ガイコツ1

文字数 1,126文字

ガイコツザウルス(高知県奈半利)

 太平洋に面した小さな町、奈半利。海と山に挟まれていて、大きく無い田畠、古い家並み、低い建物ぐらいしかない中に一際大きな建造物がドンと構える。それはまるで大きな恐竜のようにズシリとそびえ立っている。海から吹く風が吹くたびに複雑な風切り音が金属の骨格のみの構造物の中で複雑に反射して、奇妙な「ギャワワワワ」と雄叫びをあげる。六歳になる山本直人にとっては、とても巨大で、不気味で、しかし、とても大きな力を持った存在に見える。
 「ありゃ、まっこと高いきに。」
 現役の漁師である祖父の慎太郎は、日に焼けた顔に皺をさらに刻みながら孫に説明する。目を細めているので笑って説明しているようにも見えるが、直人は慎太郎が笑ってないことを理解している。慎太郎は分かりきったことを繰り返すように言葉に変える。だから嘘を言わない。直人は、大人が笑いながら話すことは冗談か嘘であることは幼年者ながらしっかり理解していた。
 「じいちゃん、高いがはわかっちゅう。やけんど、そりゃ、大きさのことかや?」
 「そうや、やけんど、あれは値段もこじゃんと高いんよ。」
 「どればあ高い?」
 「奈半利駅ビル三つ分。」
 慎太郎が指差す先に、高架線の終点駅である奈半利駅。街に似合わずコンクリート打ちっぱなしの近代的な建物である。一階にお土産売り場があり、二階の改札口と同階にレストランがある。

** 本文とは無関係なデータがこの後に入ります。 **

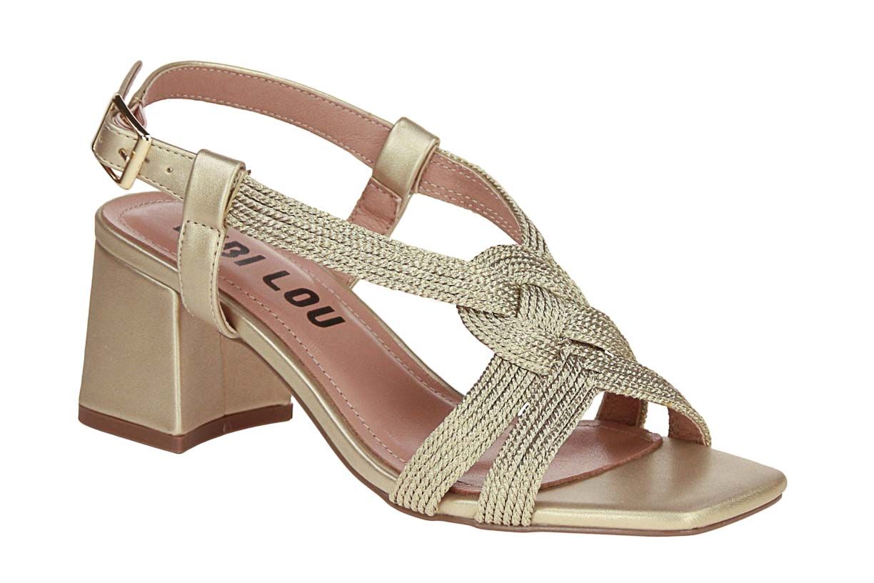 Deze goud lederen damessandaal is van het merk Bibi Lou.

世間的には駅ビルとは言えないが、奈半利からほとんど出たことない慎太郎にとっては、駅舎はビルと認識される。直人も奈半利駅がビルとは思ってない。なぜなら、そこから少し離れたところにある、今、慎太郎と見ている恐竜のような鉄骨の建物の方が大きくて立派だからだ。あんな駅にビルという呼び名は付けてほしくない。奈半利で一番大きくて、一番値段が高いのは、あの鉄骨の建物、ガイコツザウルスに違いないのだから!しかし、直人は慎太郎の返答に満足していた。自分が憧れるガイコツザウルスには駅が三つ買えるほどの価値がある評価を聞けたからだ。「ガイコツザウルスは絶対すごくて、すごいんだ!」得意満面の真人を見て、慎太郎は理解できなかったが、孫が話を聞いて喜んでいるという事実だけを追いかけた。
 「プッ、十四時になりました。津波警報のテストを行います。」
 唐突な音に鳥がざわめき飛び立っていく。有線放送が町中のスピーカーから前置きを放送する。真人は予告に身を竦める。嫌な音が始まる。
 ウーーーーーー
 頭を締め付けるようなサイレンが低い空を覆うように駆け巡る。胸の辺りが不安でざわめき、せっかくの初夏の太陽の光が、目を突くような眩しさと、ひり付くような熱だけを強くして、恵みである暖かさを奪われてしまう。